Measurement of DNA fragmentation in lung cancer cell line
The results of DNA fragmentation in A549 determination as presented in Table 8 and Fig. 7 showed that negative samples of A549 exhibited a significant decrease (P < 0.01) in DNA fragmentation rates compared with those in 8 and doxorubicin-treated samples. However, treated A549 samples showed a significant reduction in the DNA fragmentation values (P < 0.01) compared with negative control. Moreover, the highest value of DNA fragmentation was observed in 8 much more than those in doxorubicin-treated cells.

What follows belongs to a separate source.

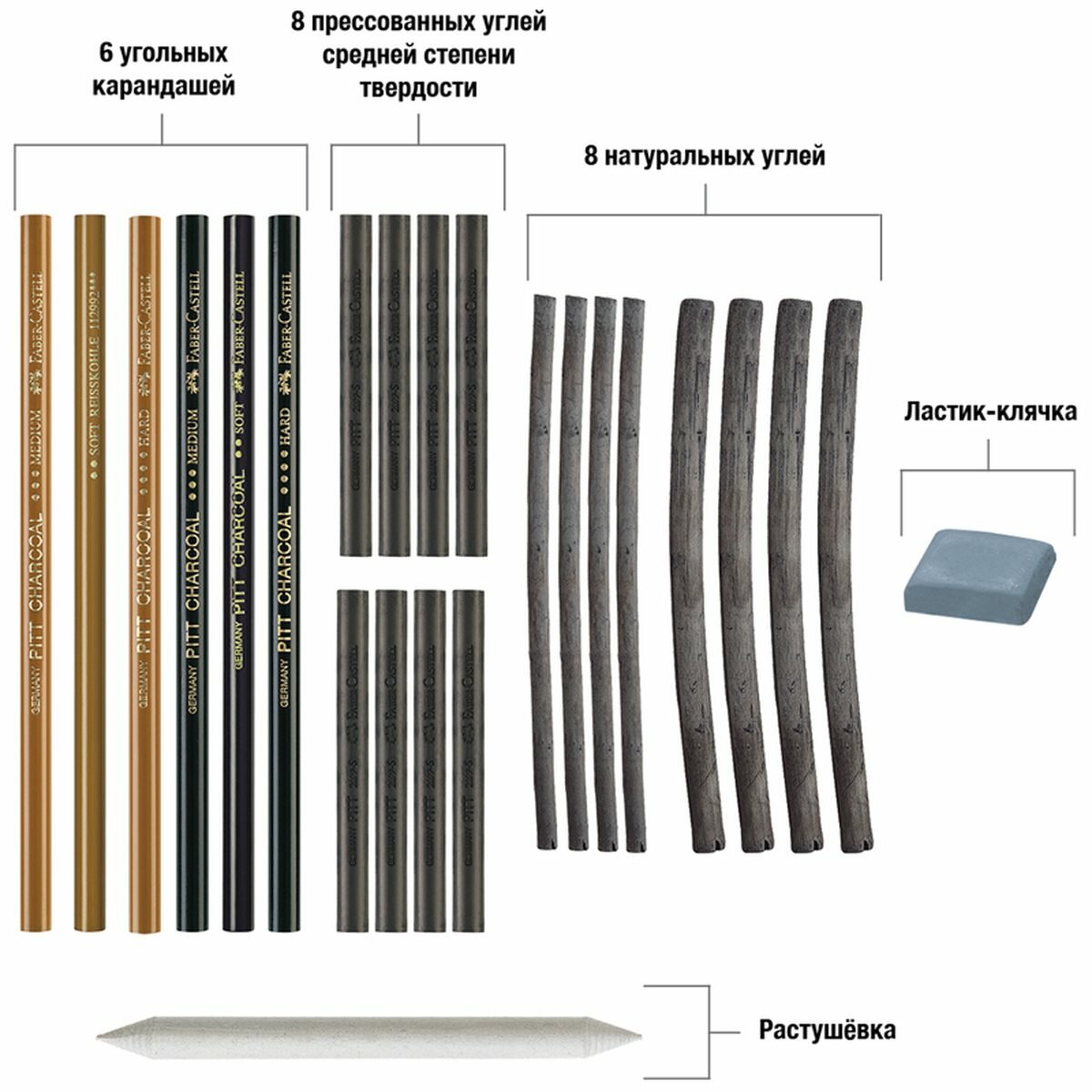 Набор угля и угольных карандашей Faber-Castell "Pitt Charcoal" 24 предмета

DNA fragmentation detected with Agarose gel in (a) PACA2 (lane 1: negative control, lane 2: 7, lane3: 15, lane 4: positive control); (b) PC3 (lane 1: negative control, lane 2: 7, lane 3: positive control); (c) A549 (lane 1: negative control, lane 2: 8, lane 3: positive control); (d) HCT116 (lane 1: negative control, lane 2: 7, lane 3: 9, lane 4: positive control), M: represent DNA marker.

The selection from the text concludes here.